The Waldegrave candour swings in here. Watching Margaret Thatcher in operation in the 1980s made him doubt he had what it takes to be prime minister.
“I came to the conclusion…that there was something I didn’t have and I judged that if I got to very high office it would be by luck and not by merit. I began to doubt my own capacity, and, therefore, by doubting, I showed that I didn’t have what was needed. Macmillan was tortured by doubts. Even Churchill had his black dog. But I don’t think they ever doubted that they could do the top job.”
He thinks it’s a “zest for the job” that links Gladstone, Lloyd George, Churchill, Blair – and plainly Mrs Thatcher too.
Lord Waldegrave got on well with Mrs Thatcher which is perhaps surprising given his being the son of an earl (who was a minister in the Macmillan government), Eton, All Souls. Toffdom incarnate.

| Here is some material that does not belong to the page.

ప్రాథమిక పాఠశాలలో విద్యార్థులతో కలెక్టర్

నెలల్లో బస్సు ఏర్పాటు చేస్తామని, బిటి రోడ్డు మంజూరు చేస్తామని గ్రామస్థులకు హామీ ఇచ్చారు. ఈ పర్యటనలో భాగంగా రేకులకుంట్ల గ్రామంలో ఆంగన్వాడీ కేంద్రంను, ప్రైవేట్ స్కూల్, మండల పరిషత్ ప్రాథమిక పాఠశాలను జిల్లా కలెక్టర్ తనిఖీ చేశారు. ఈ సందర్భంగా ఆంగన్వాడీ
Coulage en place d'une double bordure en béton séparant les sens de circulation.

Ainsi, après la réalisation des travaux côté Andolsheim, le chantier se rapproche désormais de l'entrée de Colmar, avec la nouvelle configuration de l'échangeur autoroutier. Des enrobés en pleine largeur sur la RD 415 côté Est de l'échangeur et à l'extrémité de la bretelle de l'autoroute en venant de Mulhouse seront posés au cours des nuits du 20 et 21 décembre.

“Oh, I don’t think she minded grandeedom as long as people didn’t patronise her. She respected education. She wasn’t systematically biased against toffs at all I don’t think.” It was a witty intervention from the backbenches during a Commons debate when a Labour frontbencher had cited Ulysses that drew her attention to him – “She looked up at me…I got a job shortly afterwards and I have always thought that was part of it.”

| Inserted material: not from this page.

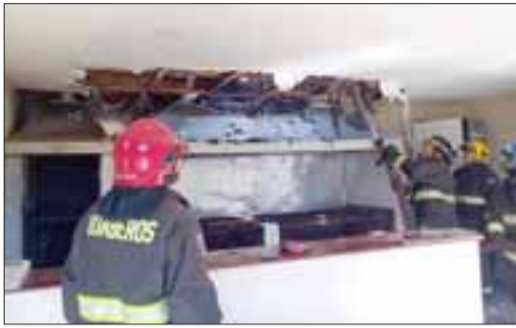
Las pérdidas al local fueron millonarias

En plena marcha blanca se desató la tragedia

Lord Waldegrave is a connoisseur of the prime ministers he has known. Shortly after losing his seat at the 1997 general election he gave a seminar paper on them at the Institute of Historical Research – an evening long remembered by those who were present – and there were suggestions he write a book about them (including Harold Macmillan, whom he came to know and who fascinates him). He is especially intriguing on Ted Heath and what he calls his “tragedy”.
“I think I understand it. Coming from right outside the centre of the British Establishment, he made himself indispensable to it; believed that he was family with it, and found that when he didn’t deliver victory they didn’t feel that he was family at all and was then left feeling embittered in a deeply more personal sense than just because he had been beaten.”
Health felt, too, says Lord Waldegrave, that he had been entrusted with the post-war “liberal Conservative” tradition of Churchill, Rab Butler and Macmillan and that “under his watch it had been lost”.
Though the ultimate glittering prize was not to be his, William Waldegrave has plainly thought about how he would have tackled the perpetual problem of how to organise No. 10 and the Cabinet Office.
“I would have always had a couple of scientists. You want a theoretical physicist or mathematician but you would also want a life scientist, they are very different kinds of people. I would have wanted a dissident – a young Matt Ridley [Viscount Ridley; science writer and member of the House of Lords Science and Technology Committee]. And I would have had one or two carefully selected people out of industry, perhaps out of the military as Churchill did.”
His emphasis on scientists is interesting – not just a reflection, I suspect, of his time with Rothschild but of his spell as John Major’s minister of science in the Cabinet Office (which he relished – and so did his officials who remember him being very funny about “Professor Grant Swinger” the composite scientific operator skilled at winning public funds).
Lord Waldegrave’s last Cabinet job was as chief secretary to the Treasury overseeing public spending. He left a note for his Labour successor, Alistair Darling (whom he admires). “You have got to look after science and the intelligence services for the same reason that you never quite know when you will need them and you can’t start them up again if you have stopped them.”
Will he write the book on prime ministers that lurks within him?
“I am not sure I am capable of the scholarship because I so respect proper scholarship.”
“You are a fellow of All Souls. You’ve got a licence to operate.”
“I know but I wasted my life being in public affairs and not being a proper fellow of All Souls. But you are right. And one of the things that I feel I haven’t done properly in my life is write something that a scholar would accept as a book.”
There’s still time. If I were a publisher I’d get on the phone to the Lord Waldegrave of North Hill.